Mass Defect

Mass Defect

Mass Defect

From the proton-neutron theory about the structure of the nucleus, we know that other than the hydrogen nucleus of atoms of all the elements are composed of proton and neutron. So, the mass of the nucleus should be equal to the masses of proton and neutrons. Mass Defect is the difference between the mass of an isotope and its mass number, representing binding energy. Proton and neutron are the ingredient particles of the nucleus. But the mass of a nucleus is found to differ from the sum of masses of proton and neutron. This difference in mass is known as a mass defect.

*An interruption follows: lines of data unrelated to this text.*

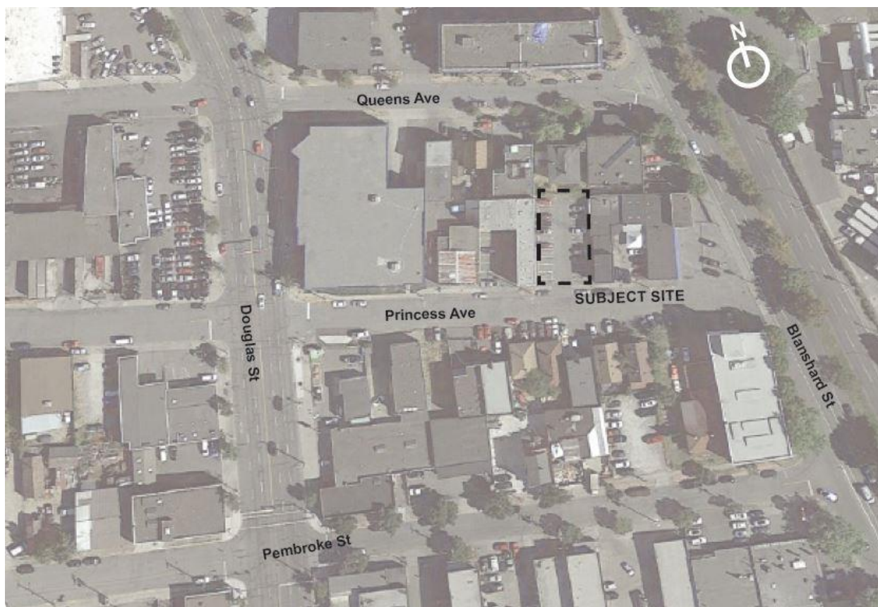
FIGURE 1. SUBJECT SITE

The proposed development site is located at 736 Princess Avenue in the City of Victoria. See Figure 1 .
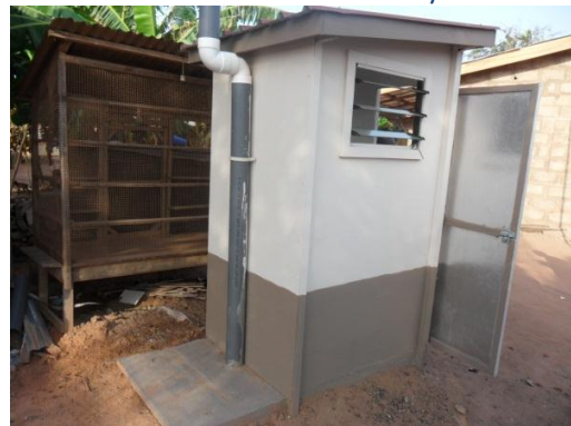
Biofil Digester installed at a School in Pokuase
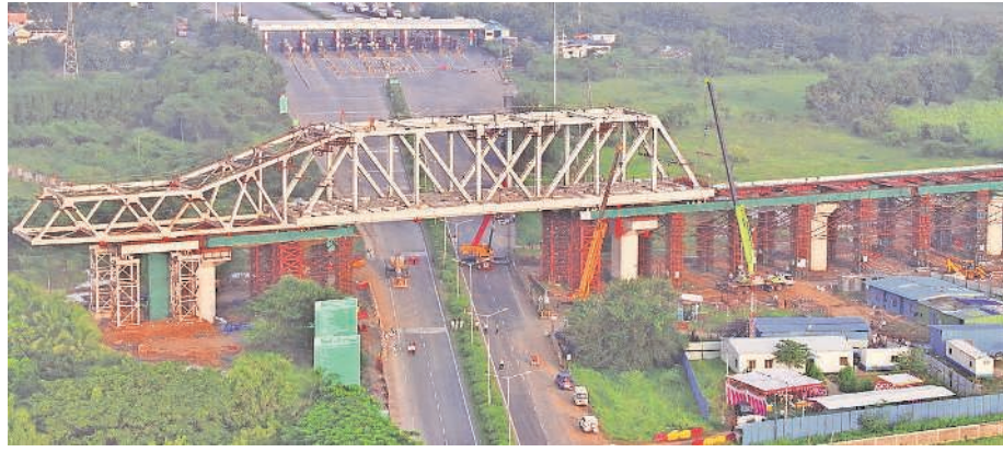
The steel bridge is located near Kamrej Toll Plaza Express
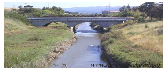
www.stevenscreektrail.org (Near Shoreline Sailing Lake, the Trail crosses Permanent Creek just before it enters the San Francisco Bay.)
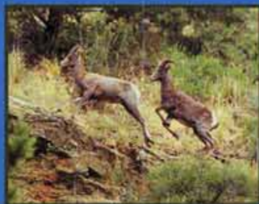
Enjoy the wildlife

Suppose, the number of proton of a nucleus is Z and the number of neutrons is N. If the masses of protons and neutrons are respectively Mp and Mn, then the total mass of the nucleus is.

M = mass of protons + mass of neutrons,

or, M = ZMp + NMn

But, the mass of the permanent nucleus is found to be less than the combined mass of the constituent elements. This difference of the mass is called a mass defect.

It is generally expressed by Δm,

Mass defect, Δm = ZMp + NMn – M

or, Δm = ZMp + (A — Z)Mn – M

Here, A = mass number and N = (A — Z).

Now the question arises, where this missing mass goes? In answer, it can be said that during the formation of the nucleus this mass-has been radiated as energy and this energy is equal to the binding energy of the formation of the nucleus.